The Mountain Lion
- First edition
- Author: Jean Stafford
- Language: English
- Publisher: Harcourt Brace
- Publication date: 1947
- Publication place: United States
- Media type: Print
- Pages: 248

= The Mountain Lion =

Novel by Jean Stafford

The Mountain Lion is a novel by Jean Stafford first published in 1947 by Harcourt & Brace. The novel was republished in 1953 in The Interior Castle (1953), which also includes Stafford's first novel, Boston Adventure (1944), and her short story collection Children Are Bored on Sunday (1953).

==Synopsis==

"Poor old Molly! I loved her dearly and I hope she rests in peace. —Jean Stafford in author's note to The Mountain Lion (September 21, 1971)

Eight-year-old Molly and her ten-year-old brother Ralph live in a Los Angeles suburb where they are sheltered by their mother after they are left weak by scarlet fever. One summer, she relents to allow them to visit their Uncle Claude's ranch in Colorado, on the condition that they are not to go horseback riding or engage in "perilous amusements". Although fearful, the pair resolve to use this opportunity learn more about the world they have been missing. They return each summer for several years, providing a contrast between their dull suburban school years and the challenges of ranch life as the children grow into adults.

==Reception==
Orville Prescott, in the New York Times detects elements of a "controlled and conscious work of art" that largely eclipses Stafford's first novel, Boston Adventure (1944).

Its characters are painfully real, interesting as individuals and significant as representatives of various attitudes toward life. Its story moves swiftly, quietly, surely to a tragic conclusion, which is surprising and yet somehow inevitably appropriate. ..convincing evidence that Miss Stafford has both the creative imagination and the artistic self-discipline to become one of our most interesting novelists.

Novelist Irving Howe praises Stafford's improved handling of her narratives: "In The Mountain Lion Miss Stafford solved one of her most troublesome problems, how to control her rich style so that it would allow the action to emerge tensely and cleanly."

==Theme==
Stafford examines the American West and her ambivalence towards its icons, as well as social traditions of the East. Biographer Mary Ann Wilson writes:

The Mountain Lion [is] her most extended treatment of the western theme...Stafford demythologizes the Old West by making it the locus of distinctly unheroic actions and frequently comparing it to the East...to the detriment of both.
 Literary critic Blanche H. Gelfant in The Massachusetts Review writes:

The Mountain Lion...surveys the American scene, East and West, to find everyone everywhere reduced to caricature.
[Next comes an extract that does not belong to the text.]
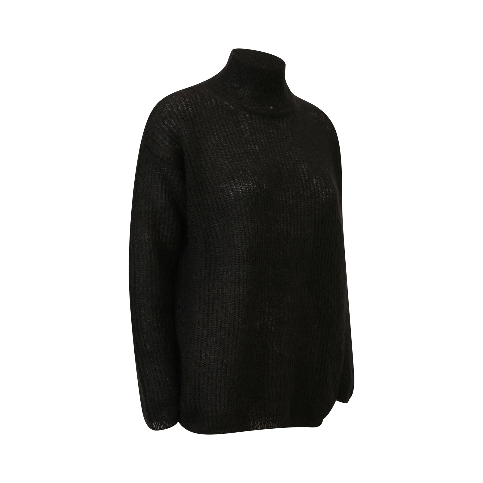 Maglia TENNA nera di MM MAX MARA in misto mohair con collo alto, lavorazione a costine.

Stafford presents us with our familiar stereotypes, which is a way of preserving our prejudices, and her own."

Gelfant considers the novel "a brilliant and destructive tour de force..."

==Retrospective appraisal==
The Mountain Lion is widely regarded as the best of Stafford's three novels.

Evelyn Toynton praises The Mountain Lion as Stafford's "one wholly successful novel.. Like so much of Stafford's finest work, it illuminates the sorrows of childhood with rare grace and elegance."

Novelist Joyce Carol Oates writes:

Though one would not want to stigmatize Stafford by suggesting that she is a writer's writer, [her] novels, particularly The Mountain Lion—a subtly and brilliantly realized tragedy of adolescence, told in a remarkably graceful and seemingly artless voice—remain highly regarded by other writers and substantiated early claims for Stafford's gifts.

== Bibliography ==

- Gelfant, Blanche H. 1979. "Revolutionary Turnings: 'The Mountain Lion'". The Massachusetts Review, Spring 1979, Vol. 20, No. 1, pp. 117-125. Retrieved February 24, 2026.
- Halverson, Cathryn. 2016. ""A Reading Problem": Margaret Lynn, Jean Stafford, and Literary Criticism of the American West". Legacy, Vol. 33, No. 1 (2016), pp. 127-149. University of Nebraska Press. Retrieved February 23, 2026.
- Howe, Irving. 1952. "Sensibility Troubles." The Kenyon Review, Spring, 1952, Vol. 14, No. 2, The Dante Number (Spring, 1952), pp. 345-348 Kenyon College. Retrieved February 23, 2026.
- Prescott, Orville. 1947. "Books of the Times". New York Times, March 3, 1947. Retrieved February 20, 2026.
- Stafford, Jean. 1972. Author's Note to The Mountain Lion. Farrar, Straus and Giroux, New York.
- Toynton, Evelyn. 1991. "Books in Review: Jean Stafford: The Savage Heart by Charlotte Margolis Goodman". Salmagundi, No. 92 (Fall 1991), pp. 238-244. Skidmore College. JSTOR link. Retrieved February 20, 2026.
- Oates, Joyce Carol. 1988. "ADVENTURES IN ABANDONMENT". New York Times. August 28, 1988. Retrieved March 03, 2026.